The slaves were subject to 30 extra months working for their masters when they should have been free. Juneteenth is now commemorated as a day of celebration and remembrance.
Five Sanford-area activists gathered together on the night of June 22 to discuss what Juneteenth meant to them, and broadcast their speeches to the public over a Zoom call.
The call was hosted by Walter Ferguson and his company, Thrivent Financial.
Daniel Owens, associate pastor at Life Springs Church, was the first to speak, saying that similar to the slaves in Texas, some people in today’s society still have not gotten the message.
“Freedom doesn’t mean you walk around not bound up,” he said. “Freedom starts in the mind.”
He encouraged people to use their freedom to go to city council meetings and county commissioners meetings and speak up.
Owens shared the story of driving home from a weekend at the beach with his daughters and niece, when he asked the girls what they thought of the murder of George Floyd and the movement that has followed.
“Uncle Danny, I’m scared for you,” Owens’ niece said.
Owens said he was confused at first, wondering why a young girl would be scared for a grown man.
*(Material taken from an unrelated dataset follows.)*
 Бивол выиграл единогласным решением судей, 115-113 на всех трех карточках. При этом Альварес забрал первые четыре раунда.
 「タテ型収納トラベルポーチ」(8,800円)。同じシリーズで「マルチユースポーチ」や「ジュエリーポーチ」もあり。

“She did not just see George Floyd there, she saw her Uncle Danny,” he said. “A lot of children did not see George Floyd, they saw their relatives, they saw their daddy, they saw their uncle. They saw the people they love with their neck under another man’s knee.”
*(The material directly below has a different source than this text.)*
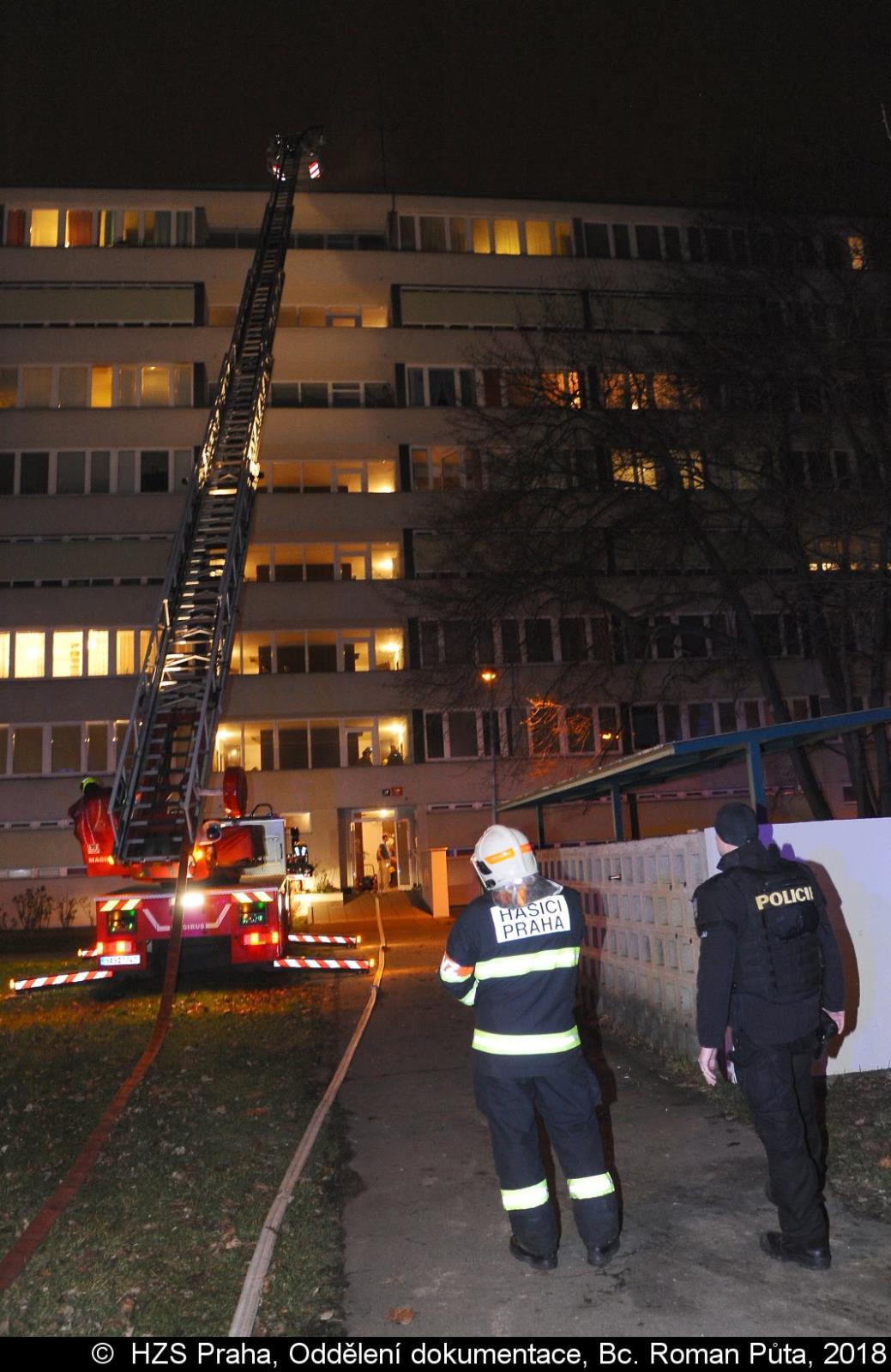 Jednotky požár dohasily pomocí 1 C proudu, zplodiny hoření však pronikly do vyšších pater chodby domu. Hasiči odvětrali dům pomocí přetlakové ventilace a evakuovali 26 osob. Průzkumem na střeše pomocí výškové techniky nebylo zjištěno rozšíření požáru. Příčinou vzniku požáru, který způsobil škodu 50.000 korun, byla nedbalost při přípravě potravin.

Jeanette Peace, who is also the vice president of the MINA Charter School board, said that despite all of her years of education, she only recently learned why Juneteenth is celebrated. Like Owens, she said that many people still haven’t gotten the message.
“Many Americans, some Democrat and some Republican, are just as uninformed about race as those slaves who spent an extra two and half years working for their master,” Peace said. “They don’t understand why we’re upset.”
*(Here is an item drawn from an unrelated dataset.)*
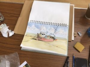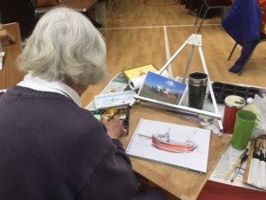 As our normal meeting on March 12th at The Revelstoke Room in Noss Mayo had to be cancelled due to the NNATS ‘Panto’ preparations, one of our group Caroline Taylor kindly offered us her dining room to paint in. The weather was a bit dismal which was a shame, as the view from her windows of the River Yealm are superb. However we had a good turnout and everyone thoroughly enjoyed the session as you can see from the photo below.

Racism isn’t just about whether or not you have Black friends, she said.
“True patriotism isn’t about the flag, it’s about equality and justice,” she said. “Have you gotten the message?”
Her daughter, Jeneé Peace, a former Lee County High School teacher who will teach at the charter school, said this was the first time in her life experiencing people who don’t look like her being receptive to her experience. She said words are just words, and the Emancipation Proclamation was itself just words.
“In conjunction with words put on paper, we must have actions,” she said. “We need the actions of our allies, friends and enemies. Progress must be about more than just words.”
Juneteenth, she said, reminds her that real change doesn’t happen overnight, and that it has to be organized, unified and long lasting.
Tamika Dowdy created a nonprofit called This Has To Stop after the death of her son in 2018. The initiative aims to stop violence, drug abuse, the stigma behind mental health and now racial inequality. Dowdy said she remembered growing up and being the only little Black girl in her classroom, and asking her mother why that was. She wants to make sure now that her grandson doesn’t go through the same things she went through.
“We shop together. We go to the movies together. We all eat from the same restaurants. Some of us go to the same churches. Our kids go to the same school,” she said. “We all bleed the same. We are more beautiful when we come together.”
Shawn Williams, a former marine and law enforcement officer and current pastor at God’s Promise Church, told the story of when he was a police chief driving down I-40 on one of his days off. He got pulled over, he said, and he knew being a Black man that he had to keep his hands visible on the steering wheel, because his life depended on it.
The officer who pulled him over walked up to the window and called him “boy,” not knowing that Williams was himself a police chief in a different city. Williams took the disrespect, but later in the courtroom got the victory.
“I got the last laugh because education is power,” he said. “You have to realize that you cannot win the battle on the street.”